To completely solve the problem, all that remains is in Fig. 7.21 swap the roles of final and non-final vertices (Fig. 7.22).

V. Let's discuss the idea of ​​constructing a finite automaton that allows those and only those chains in the alphabet \(0;1\) that do not begin with the chain 01 and do not end with the chain 11 (i.e., chains of the form 01x and chains of the type y11 are not allowed, no matter what there were chains x,y\in\(0;1\) ).

In this case, the complement of the language for which it is necessary to construct a finite automaton is the set of all such chains of zeros and ones that begin with the chain 01 or end with the chain 11. An automaton that allows this set of chains is constructed as an automaton for combining 01(0+1)^(\ ast)+(0+1)^(\ast)11 in the same way as described in the proof of Kleene’s theorem (see Theorem 7.6).

From the property that the class of regular languages ​​is closed with respect to complement (see Theorem 7.8) it immediately follows that this class is closed with respect to intersection, set-theoretic and symmetric difference.

Corollary 7.3. For any two regular languages ​​L_1 and L_2 the following statements are true:

1) the intersection of L_1\cap L_2 is regular;
2) the difference L_1\setminus L_2 is regular;
3) the symmetric difference L_1\vartriangle L_2 is regular.

The validity of the statements follows from the identities:

\begin(aligned) &(\scriptstyle(\mathsf(1))))\quad L_1\cap L_2= \overline(\overline(L_1) \cup\overline(L_2))\,;\\ &(\scriptstyle (\mathsf(2))))\quad L_1\setminus L_2= L_1\cap \overline(L_2)\,;\\ &(\scriptstyle(\mathsf(3))))\quad L_1\,\triangle\ ,L_2 = (L_1\cup L_2)\setminus (L_1\cap L_2).\end(aligned)

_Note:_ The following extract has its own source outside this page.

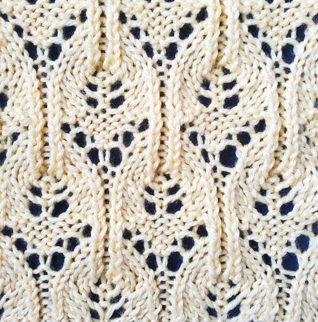 This large-panel stitch pattern is a twenty-four-row repeat and is knitted in a multiple of ten stitches plus one. Because of its large number of stitches and its many row repeats, the Chandelier Lace Stitch falls in the advanced skill level category. Its elegant lace design makes this stitch pattern perfect for those looking to add a touch of femininity to their knitting project.

Firstly, the results obtained allow us to assert that the class of regular languages ​​with respect to the operations of union, intersection and addition is a Boolean algebra, in which the unit is the universal language, and the zero is the empty language. Secondly, these algebraic properties of the family of regular languages ​​allow us to solve the important problem of recognizing the equivalence of two arbitrary finite automata.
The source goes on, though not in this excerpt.